The nucleotide sequences of pbp1a (18, 19), pbp2x (15, 16), and pbp2b (6-8) in penicillin-susceptible S. pneumoniae (PSSP) and PRSP have already been determined. Dowson et al. (6) classified the pbp2b of PRSP into classes A and B on the basis of mutation patterns. We previously analyzed part of pbp2b, which encodes the PBP 2B transpeptidase region in PRSP strains isolated in Japan (29). On the basis of the sequencing results, we applied PCR with primers designed to detect class A and B pbp2b genes, and we have reported that PRSP strains with class B alterations are common in Japan (25).

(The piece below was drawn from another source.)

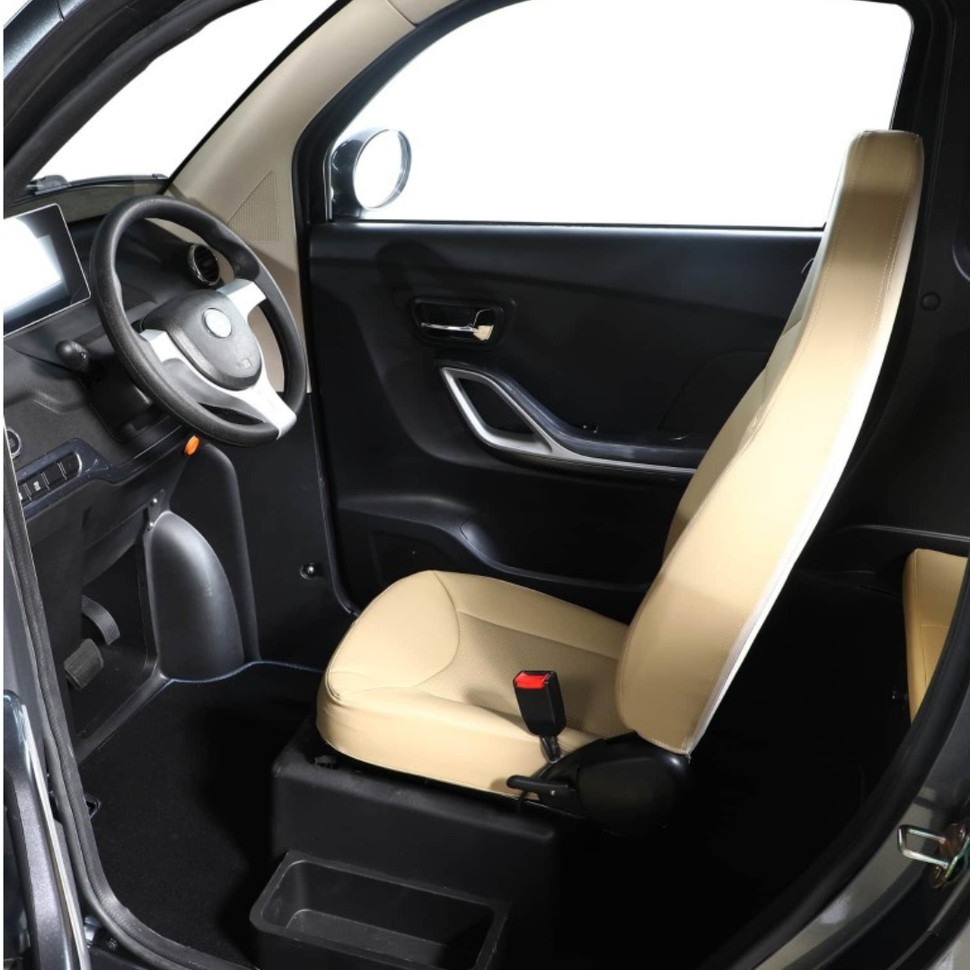 Der Elektro-Kabinenroller „FUTURA TWO“ bietet eine schnelle und sichere Fortbewegung. Mit dem herausnehmbaren Lithium-Akku (60V/52Ah) hat das Fahrzeug eine Reichweite von bis zu 60 km, die auf 120 km erhöht werden kann, indem man zwei weitere Akkus unter der Rückbank platzieren. Der Akku ist leicht zu transportieren, da er ca. 12 kg wiegt und über Tragegriffe verfügt. Er kann entweder zu Hause oder im Fahrzeug aufgeladen werden, durch das 10Ah Schnellladegerät ist eine vollständige Ladung in 4-5 Stunden möglich. Die Fahrsicherheit wird durch die hydraulische Scheibenbremsenanlage vorne und hinten sowie durch die Handbremse gewährleistet. Der Lenker ist mit einem Digitaltacho ausgestattet, der über die Geschwindigkeit und die aktuelle Akkuladung informiert. Zusätzlich ist eine Rückfahrkamera verbaut, die das Einparken erleichtert.

To study the relationship between PBP alterations in S. pneumoniae and -lactam susceptibility, we designed primers that detect three genes: pbp1a, pbp2x, and pbp2b (26). Corresponding to the diversities in the PBP gene from PRSP, DNA amplifications occur specifically only in the unaltered genes of susceptible strains but do not occur in altered genes from a resistant strain. Our results indicated that the PBP gene most related to resistance differed depending on the type of -lactam (26). Resistance to penicillins is affected to the same degree by altered pbp1a and pbp2b genes, while resistance to cephems is mainly affected by altered pbp1a and pbp2x genes, and resistance to carbapenems and penem is affected by altered pbp1a and pbp2b genes (20, 26). We have also reported that simultaneous alterations of the pbp1a, pbp2x, and pbp2b genes resulted in the highest level of resistance compared with the levels of resistance when only two genes, pbp2x and pbp2b, pbp1a and pbp2b, and pbp1a and pbp2x, were altered (26).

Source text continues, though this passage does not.